- Born: June 29, 1933 Chicago
- Died: August 15, 2012 (aged 79) Ramsey, New Jersey

= Henry Herx =

American film critic

Henry Herx (June 29, 1933 – August 15, 2012) was an American film critic who specialized in creating brief capsule reviews intended for Roman Catholic moviegoers. During his 35-year career, Herx reviewed thousands of films for the Media Review Office of the Catholic News Service.

==Biography==
Herx was born in Chicago on June 29, 1933, and graduated from Loyola University Chicago, where he earned undergraduate and graduate degrees in history. In contrast to the National Legion of Decency's model of "the purification of the cinema" in which films deemed to be offensive to Roman Catholics were listed so that they could be avoided, Herx began his film reviewing effort on 1962 together with Rev. Ronald Holloway, when they created the Chicago Center for Film Study as a way to look at films from a perspective that engaged cinema. Herx worked for the Catholic News Service's Media Review Office, which is a successor to the National Legion of Decency and then the National Catholic Office for Motion Pictures, and would become the United States Conference of Catholic Bishops' Office for Film and Broadcasting after Herx retired. He began working for the Media Review Office in 1964, reviewing more than 10,000 films during his career, and retired as the organization's chief critic in 1999, watching many of the movies together with his family at their home. In addition to a capsule review, Herx gave films a rating of A for films that were deemed morally unobjectionable that ranged from A-I (for general audiences) through A-IV (for adults, but with reservations), with films deemed morally offensive being given a rating of "O". The Full Monty, the 1997 film about unemployed men who turn to a striptease act to make money, earned an A-IV rating that reflected its positive message of overcoming obstacles. In reviewing a number of films in the mid-1990s, Herx gave Clueless a rating of "O" despite the film's PG-13 rating from the Motion Picture Association of America, while the film Priest was given an A-IV rating, despite controversy about the movie's dealings with the homosexuality of a young priest and his crisis of faith.
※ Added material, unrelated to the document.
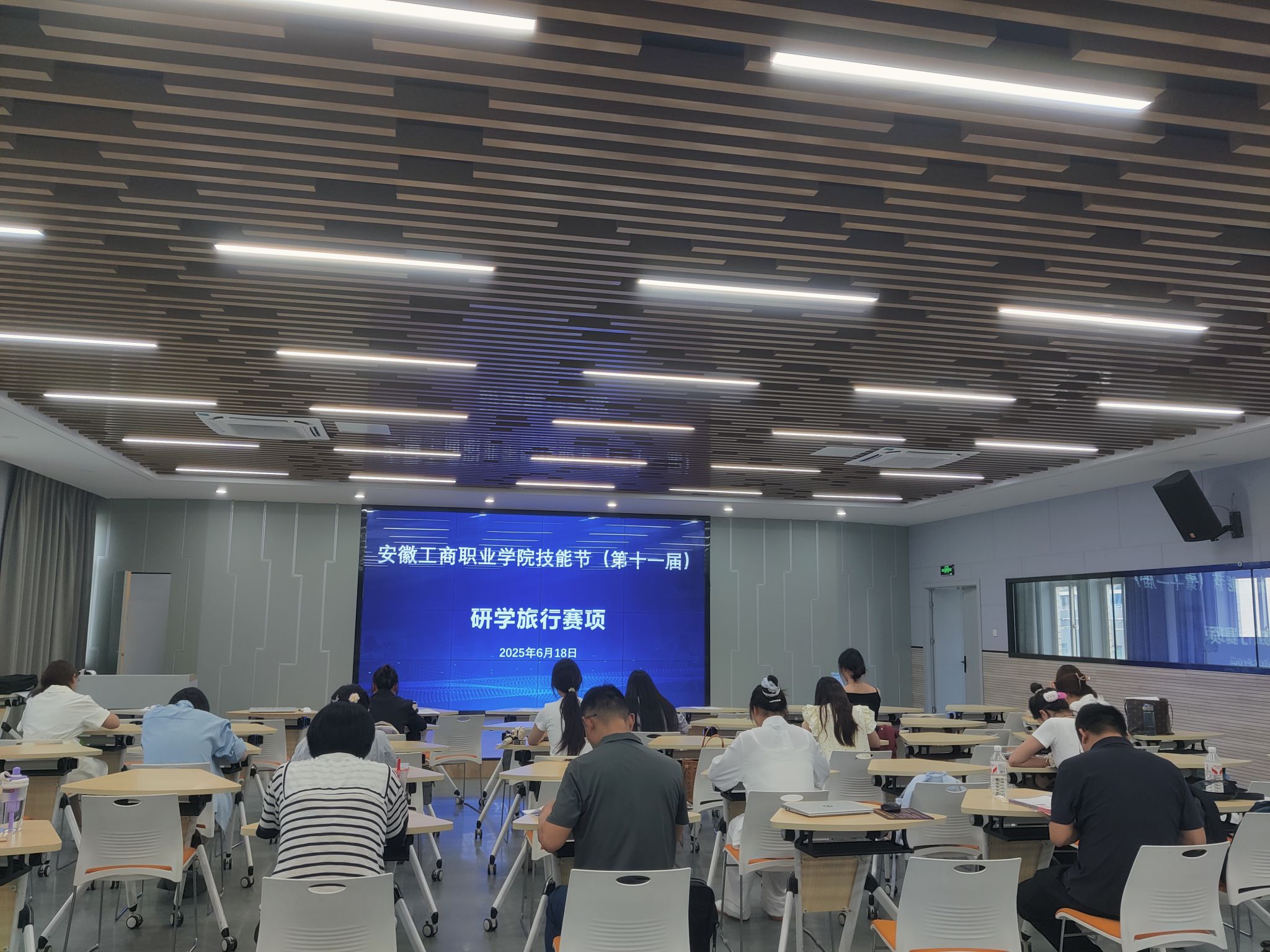 2025年6月18日下午,安徽工商职业学院第十一届技能节“研学旅行”赛项在明德楼四楼VR实训室顺利举行。共有来自不同专业、不同年级12名选手进入决赛,同台竞技,展示技能与风采。吴子钟、牟婉琼、张亚运、杨雪四名教师担任“研学旅行”赛项的指导教师和比赛评委。

Herx was proud of the fact that he would watch each movie in its entirety regardless of content and was deeply bothered when he was told that reviewers Roger Ebert and Gene Siskel had walked out on a film. Herx's son noted that "he felt his job was to sit there and watch it and give an honest review" no matter how bad it was. His Our Sunday Visitor's Family Guide to Movies and Videos provided an overview of films based on their content and their conformance to Roman Catholic teachings.

Herx died on August 15, 2012, at the age of 79 in his Ramsey, New Jersey, home of complications of liver cancer.